* _WORK TASK_
A word-for-word reproduction of the data below is needed, with no pictures in it.

* _DATA_
☆ ☆ ☆ ☆ ☆
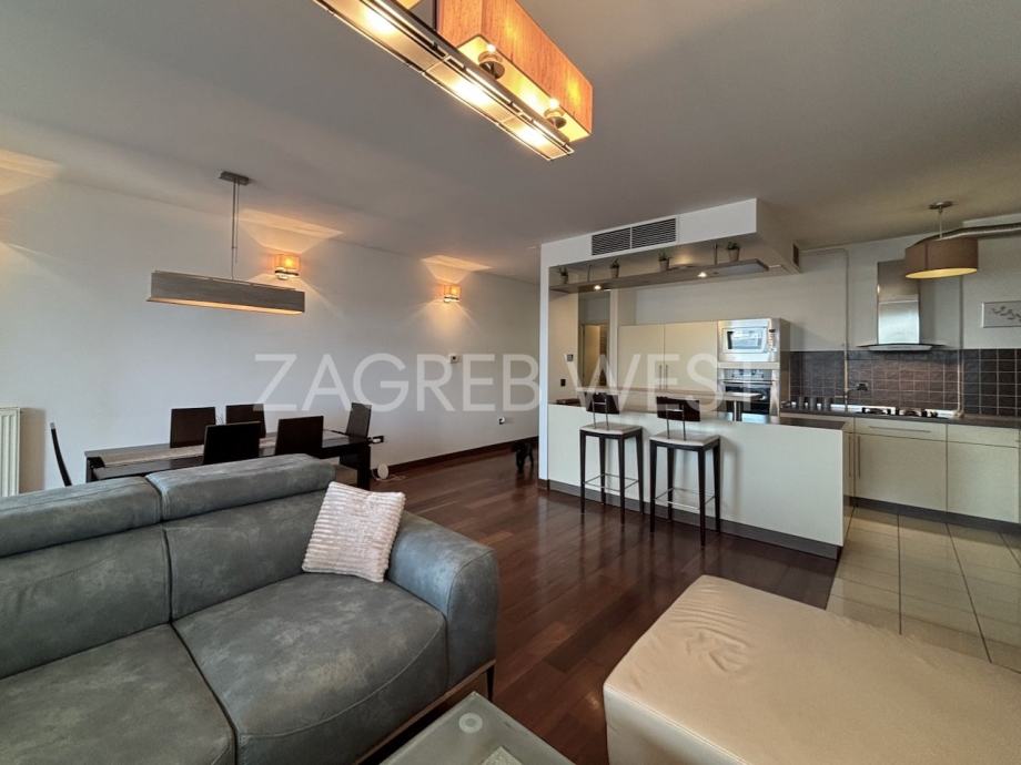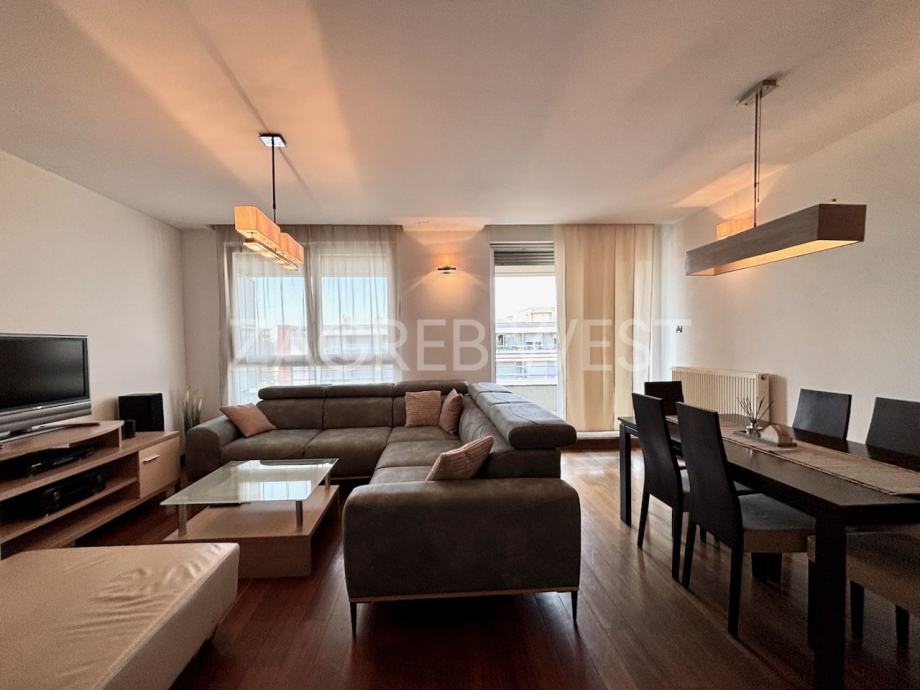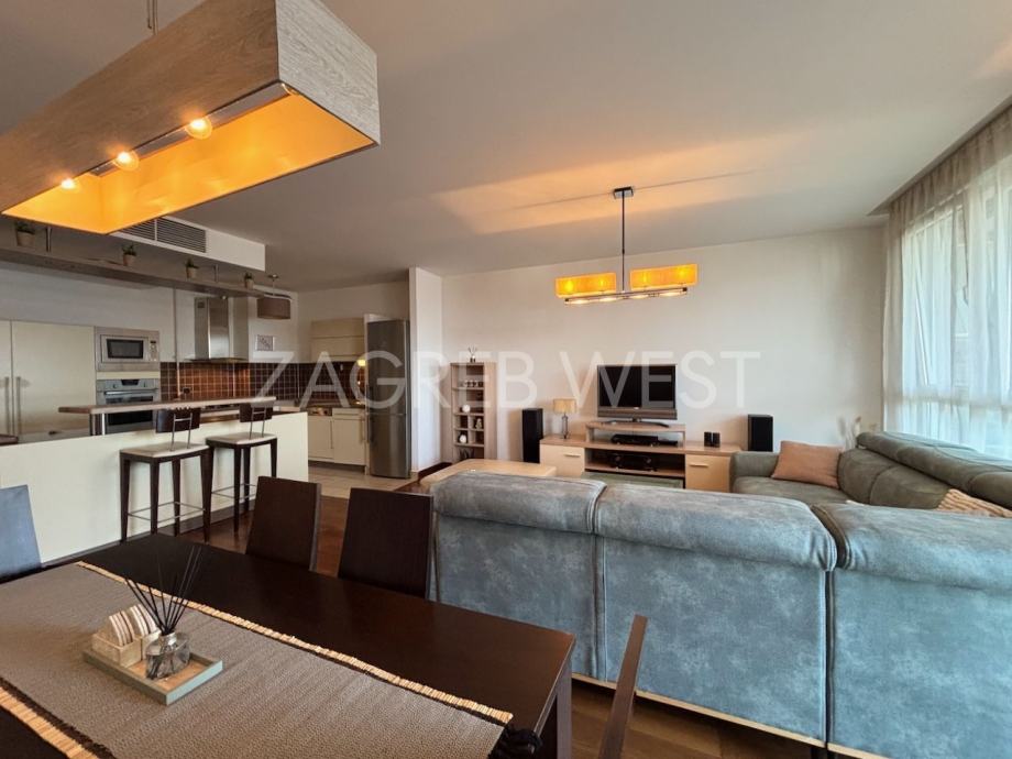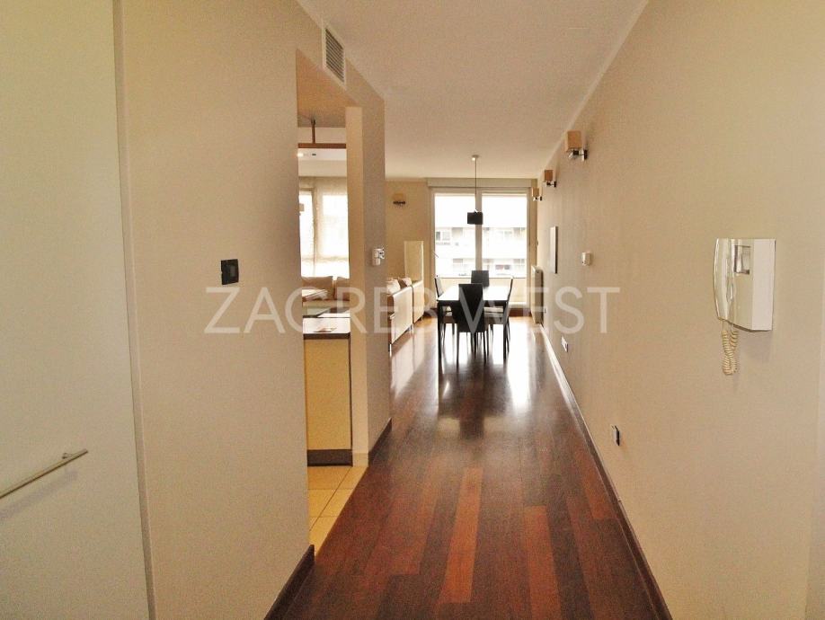 Sastoji se od ulaznog dijela s ugrađenim ormarom i gostinjskim wc-om, prostrane dnevne sobe s blagovaonicom i kuhinjom, koje izlaze na veliku terasu s pogledom na zapad, što prostoru daje puno dnevnog svjetla. U drugom dijelu stana su dvije spavaće sobe, velika garderoba s ugrađenim ormarima, i kupaonica. Stan dolazi s garažnim parkirnim mjestom.
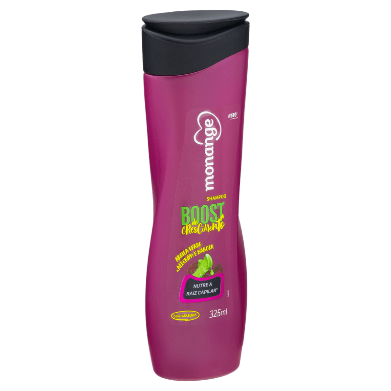 Modo de Usar: Aplique no cabelo molhado, massageie até formar espuma e enxágue bem. Para melhores resultados, utilize a linha completa Monange Boost Crescimento.
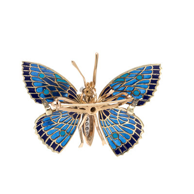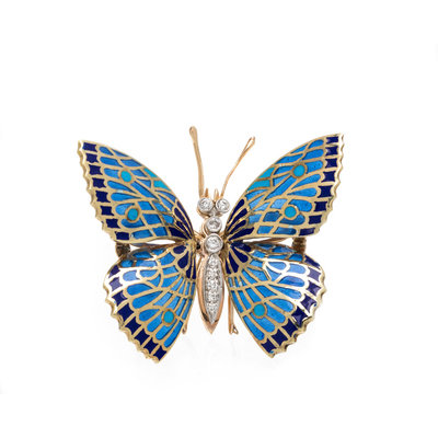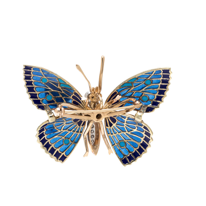 Consisting of articulated polychrome plique-à-jour enamel wings and the body containing nine round brilliant cut diamonds. Mounted in yellow gold. 1 7/8 x 1 3/4 inches.
☆ ☆ ☆ ☆ ☆
* _YOUR SOLUTION_
 Sastoji se od ulaznog dijela s ugrađenim ormarom i gostinjskim wc-om, prostrane dnevne sobe s blagovaonicom i kuhinjom, koje izlaze na veliku terasu s pogledom na zapad, što prostoru daje puno dnevnog svjetla. U drugom dijelu stana su dvije spavaće sobe, velika garderoba s ugrađenim ormarima, i kupaonica. Stan dolazi s garažnim parkirnim mjestom.
 Modo de Usar: Aplique no cabelo molhado, massageie até formar espuma e enxágue bem. Para melhores resultados, utilize a linha completa Monange Boost Crescimento.
 Consisting of articulated polychrome plique-à-jour enamel wings and the body containing nine round brilliant cut diamonds. Mounted in yellow gold. 1 7/8 x 1 3/4 inches.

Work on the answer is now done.